Société

Loire : 360 personnes identifiées comme radicalisées ou en voie de radicalisation depuis 2015

Par Noémie Philippot, France Bleu Saint-Étienne Loire lundi 13 novembre 2017 à 20:58

Depuis 2015, 360 personnes ont été identifiées comme radicalisées ou en voie de radicalisation dans la Loire. 75 % sont des hommes de moins de 35 ans.
Depuis 2015, 360 personnes ont été identifiées comme radicalisées ou en voie de radicalisation dans la Loire. 75 % sont des hommes de moins de 35 ans. © AFP - JOEL SAGET

Trois jours pour parler de la radicalisation, c'est ce que propose le Nouveau Théâtre Beaulieu, à partir de ce mardi à Saint-Etienne. Dans la Loire depuis 2015, 360 personnes ont été identifiées comme radicalisées, ou en passe de le devenir. La préfecture reçoit des signalements chaque semaine.
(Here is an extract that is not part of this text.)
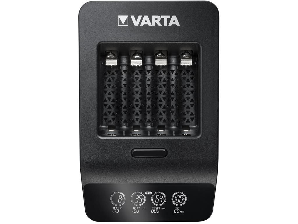 Incarcatorul Varta LCD Smart Charger+ 57684 este solutia perfecta pentru reincarcarea eficienta a acumulatorilor NiMH AAA si AA. Echipat cu un ecran LCD intuitiv, acesta afiseaza statusul de incarcare pentru fiecare acumulator in parte, asigurand control total si siguranta in utilizare. Pachetul include patru acumulatori AA de 2100 mAh, oferind o autonomie extinsa dispozitivelor tale.

A partir de ce mardi 14 novembre et jusqu'à jeudi, la MJC du Nouveau Théâtre Beaulieu à Saint-Etienne invite à des conférences et une pièce de théâtre sur la radicalisation, pour comprendre et mieux agir. Dans la Loire, 360 personnes ont été identifiées comme radicalisées ou en voie de radicalisation depuis 2015. Chaque semaine, la préfecture reçoit de nouveaux signalements.

Cela varie de seulement deux ou trois signalements à une dizaine parfois, notamment quand il vient d'y avoir une tentative d'attentat. Alors y a-t-il plus de radicalisés dans le département qu'avant ? Le préfet Evence Richard n'en est pas convaincu. Pour lui, c'est surtout que depuis 2015 et l'attentat contre Charlie Hebdo, les dispositifs de signalement ont été renforcés, et sont plus connus.

Même des particuliers signalent parfois des comportements suspects, mais la préfecture compte plutôt sur les réseaux de l'Education nationale ou de la Caisse d'allocations familiales, et surtout sur les travailleurs sociaux. Ce sont eux, le plus souvent, qui sont en contact direct avec les personnes en voie de radicalisation : des hommes jeunes, sans travail, avec une situation familiale compliquée.

75 % des personnes identifiées sont des hommes de moins de 35 ans

Sur les 360 personnes identifiées, 75% sont des hommes de moins de 35 ans. 40% ont moins de 25 ans. "On voit bien qu'un certains nombre de jeunes dérivent vers ces tentations djihadistes à la suite d'une crise à l'adolescence plus ou moins bien assumée, avec des difficultés familiales, liées à l'adolescence ou éventuellement à la séparations des parents," explique Evence Richard, le préfet de la Loire.

Une fois le signalement enregistré, la police enquête sur la personne. Selon son profil, le dossier est confié soit à la justice, soit à la police, ou alors soumis à un suivi social ou médical. Parmi les 360 personnes identifiées dans la Loire, seules quelques unes sont en prison. Plus de la moitiés sont suivies de très près par la préfecture.